- **To do**: Print the lines that start the entries and continue through the one holding "Für größere Veranstaltungen", please, exactly and with the pictures omitted.

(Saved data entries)
▼▼▼

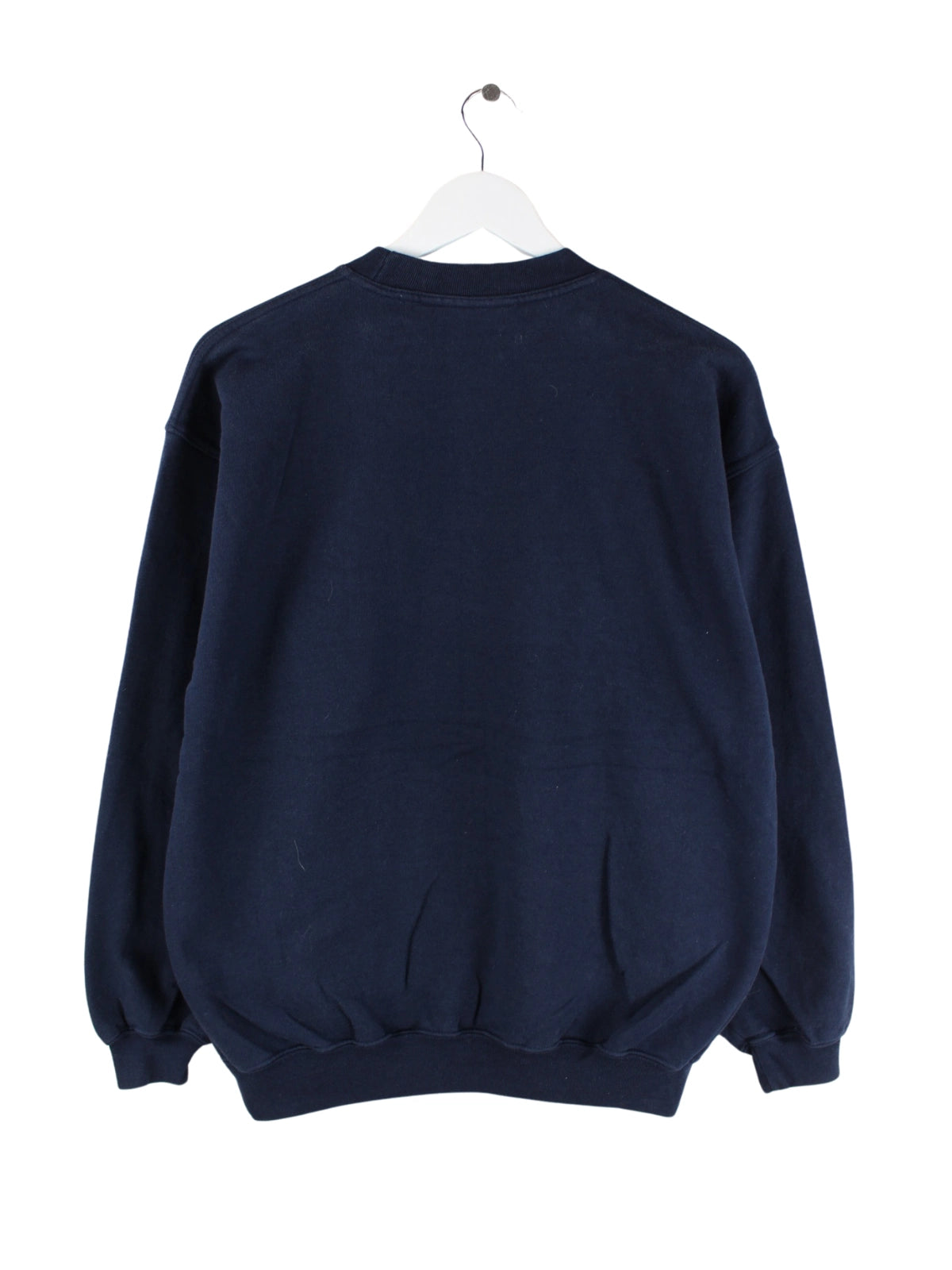 Blauer Vintage Sweater mit Stickereien in Größe L. Er ist aus einer Baumwollmischung angefertigt und in gutem Zustand bei uns vorrätig.
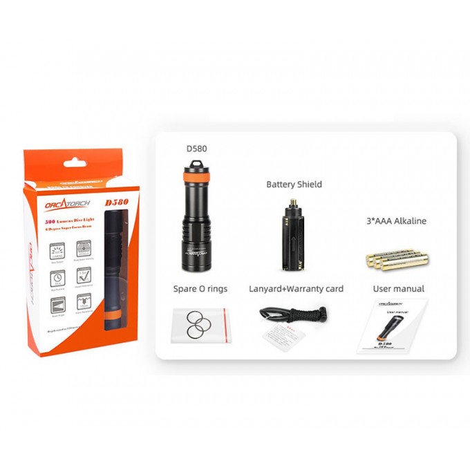 OrcaTorch D580 — solidna, szczelna latarka 530 lm z wyborem zasilania 18650/3×AAA, wiązką 6° i przełącznikiem obrotowym. Gotowa na lata nurkowań.
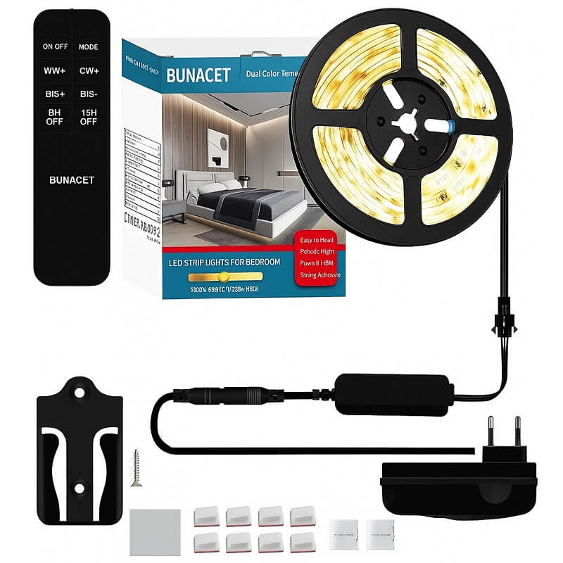 Създайте идеалната атмосфера у дома с LED лентата Bunacet – напълно завършено решение за модерно осветление, което съчетава безопасност, ефективност и стилен дизайн.
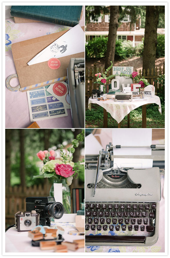 Gary also hand painted and assembled the mailbox at our “guest book” table. We asked everyone to type us a note and put it inside the mailbox. On our one year anniversary we’re going to crack it open and read the notes. Gary also made the board with chicken wire so we could include old family photos mixed in with Polaroids that had been taken by our friends throughout the week leading up to the wedding.
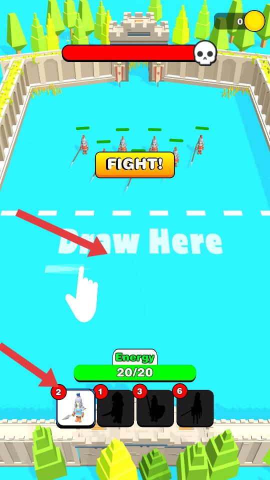 2、游戲里在Draw Here區域繪制,下方可選擇士兵,消耗能量召喚士兵,準備與敵人戰斗。
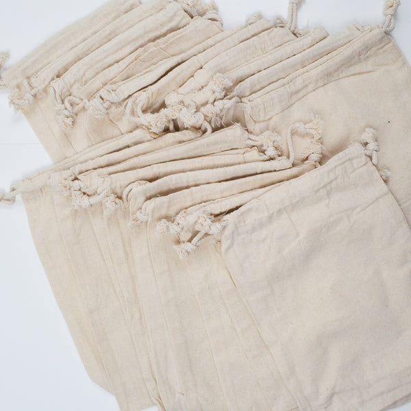 Cotton Muslin Drawstring Bags - 8" x 12" - Set of 19
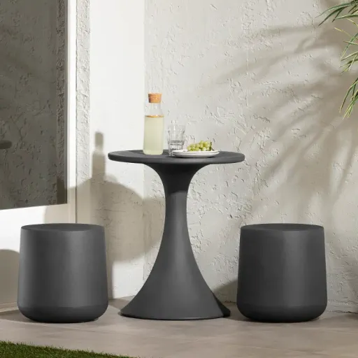 The Dalya dark gray 3-piece patio bistro set includes a chic table and 2 rounded stools. This trio of trendy and practical furniture can be installed outside or inside according to your needs. You will be impressed by its incredible comfort and durability. Thanks to its design in polyethylene, a hard and resistant plastic, your stools and your table will stay like new for years to come. No more scratches or fading! You can even afford to leave your furniture outside in the winter without having to worry. This is ideal if you live in an apartment and don’t have a lot of storage space. Available for Online Purchase Only. Ships Directly from the Manufacturer. RC Willey Delivery is Not Available. Assembly required.
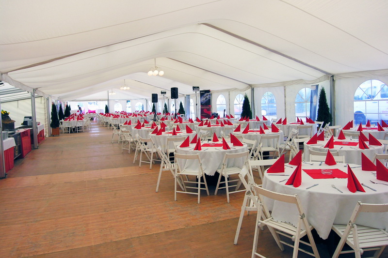 Für größere Veranstaltungen sind unsere Party- oder Festzelte geeignet. Für Messestände, Geburtstagsfeiern, Gala-Diners oder Vereinsfeste – das Partyzelt ist immer eine gute Wahl. Es kann auf jedem Untergrund aufgestellt werden und wahlweise auch mit einem fugenlos verschraubten Dielenboden versehen werden.
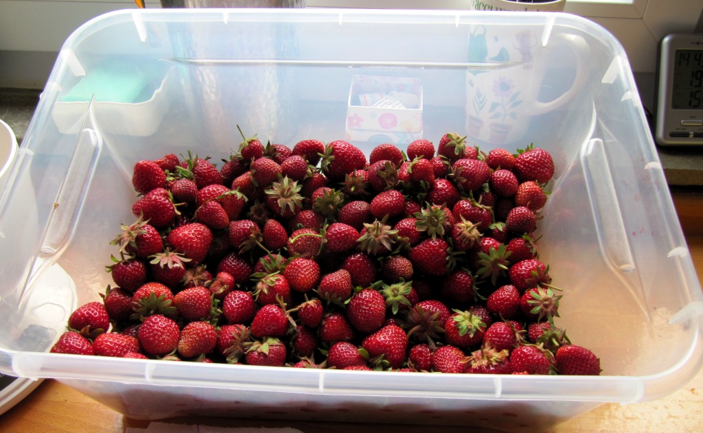 Ich brauche zwar zusätzlich zur Verarbeitung auch noch die Zeit zum Pflücken aber da die Erdbeeren frisch vom Feld sind und sozusagen jede einzelne handverlesen ist, habe ich so gut wie keinen Abfall.
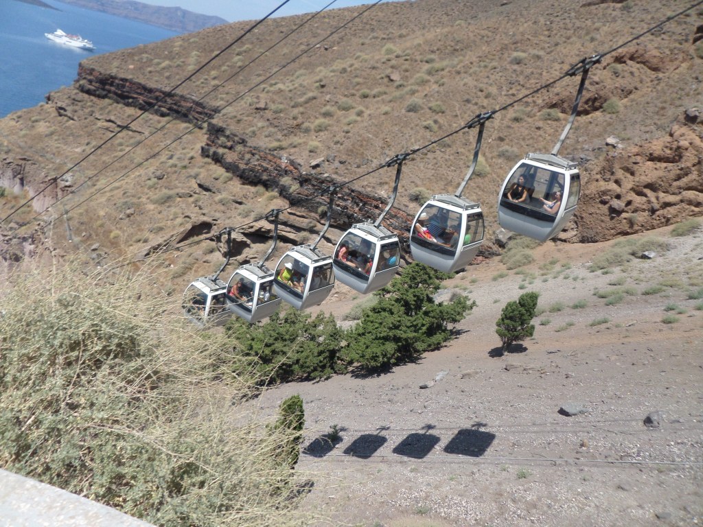 Comme Mykonos, le port de Fira à Santorin est trop petit pour accueillir les bateaux de croisières. Notre bateau reste dans le large et nous sommes débarqués via des chaloupes. La compagnie distribue des petites cartes avec des numéros. Le numéro correspond à la chaloupe à laquelle vous êtes affecté.
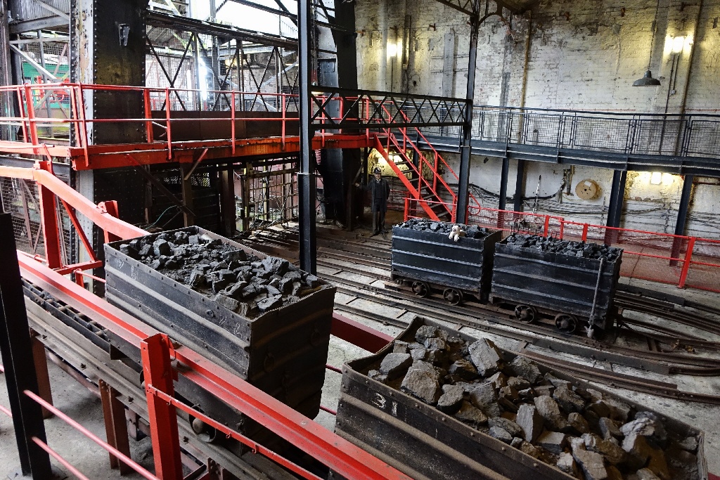 Die Rasenhängebank der "Lady Victoria Colliery" in Newtongrange... nun "National Mining Museum Scotland". Links befindet sich der Schacht.
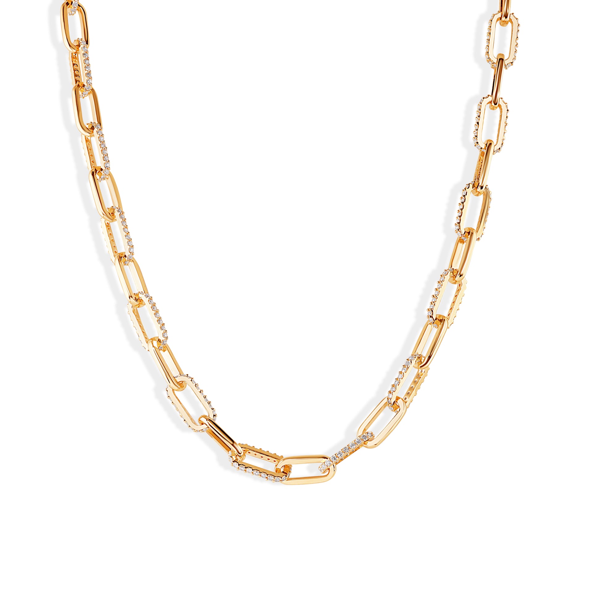 Where edge meets elegance. Our Paloma modern paper clip chain is elevated with hand-set diamonds that add just the right amount of brilliance to its bold silhouette. Designed to stand alone or layer effortlessly, it’s the ultimate statement of refined rebellion—sleek, sophisticated, and unapologetically cool.
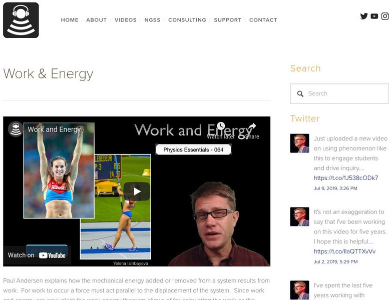 In the following video Paul Andersen explains how the mechanical energy added or removed from a system results from work. For work to occur a force must act parallel to the displacement of the system. Since work and energy are equivalent...
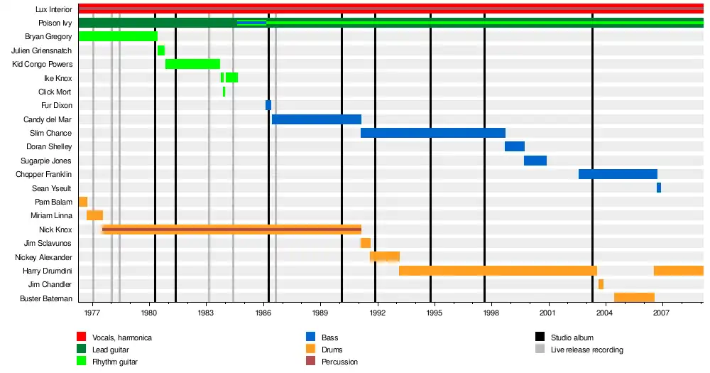Lux Interior, Poison Ivy, Bryan Gregory and Pam Balam (Gregory's sister) formed the Cramps in April 1976.[1] After just a few months, Balam was replaced by Miriam Linna.[2] She remained in the group until shortly after its first headlining show in July 1977, when Nick Knox (Nick Stephanoff) took her place.[3] After releasing three singles and a debut album, Songs the Lord Taught Us, Gregory left the Cramps at the end of May 1980 following a show in Berkeley, California.[4] He was briefly replaced during the summer of 1980 by Julien Griensnatch (Julien Hechtlinger),[5] before Kid Congo Powers (Brian Tristan) took over before the end of the year.[6]

▲▲▲

- **Task output**:
 Blauer Vintage Sweater mit Stickereien in Größe L. Er ist aus einer Baumwollmischung angefertigt und in gutem Zustand bei uns vorrätig.
 OrcaTorch D580 — solidna, szczelna latarka 530 lm z wyborem zasilania 18650/3×AAA, wiązką 6° i przełącznikiem obrotowym. Gotowa na lata nurkowań.
 Създайте идеалната атмосфера у дома с LED лентата Bunacet – напълно завършено решение за модерно осветление, което съчетава безопасност, ефективност и стилен дизайн.
 Gary also hand painted and assembled the mailbox at our “guest book” table. We asked everyone to type us a note and put it inside the mailbox. On our one year anniversary we’re going to crack it open and read the notes. Gary also made the board with chicken wire so we could include old family photos mixed in with Polaroids that had been taken by our friends throughout the week leading up to the wedding.
 2、游戲里在Draw Here區域繪制,下方可選擇士兵,消耗能量召喚士兵,準備與敵人戰斗。
 Cotton Muslin Drawstring Bags - 8" x 12" - Set of 19
 The Dalya dark gray 3-piece patio bistro set includes a chic table and 2 rounded stools. This trio of trendy and practical furniture can be installed outside or inside according to your needs. You will be impressed by its incredible comfort and durability. Thanks to its design in polyethylene, a hard and resistant plastic, your stools and your table will stay like new for years to come. No more scratches or fading! You can even afford to leave your furniture outside in the winter without having to worry. This is ideal if you live in an apartment and don’t have a lot of storage space. Available for Online Purchase Only. Ships Directly from the Manufacturer. RC Willey Delivery is Not Available. Assembly required.
 Für größere Veranstaltungen sind unsere Party- oder Festzelte geeignet. Für Messestände, Geburtstagsfeiern, Gala-Diners oder Vereinsfeste – das Partyzelt ist immer eine gute Wahl. Es kann auf jedem Untergrund aufgestellt werden und wahlweise auch mit einem fugenlos verschraubten Dielenboden versehen werden.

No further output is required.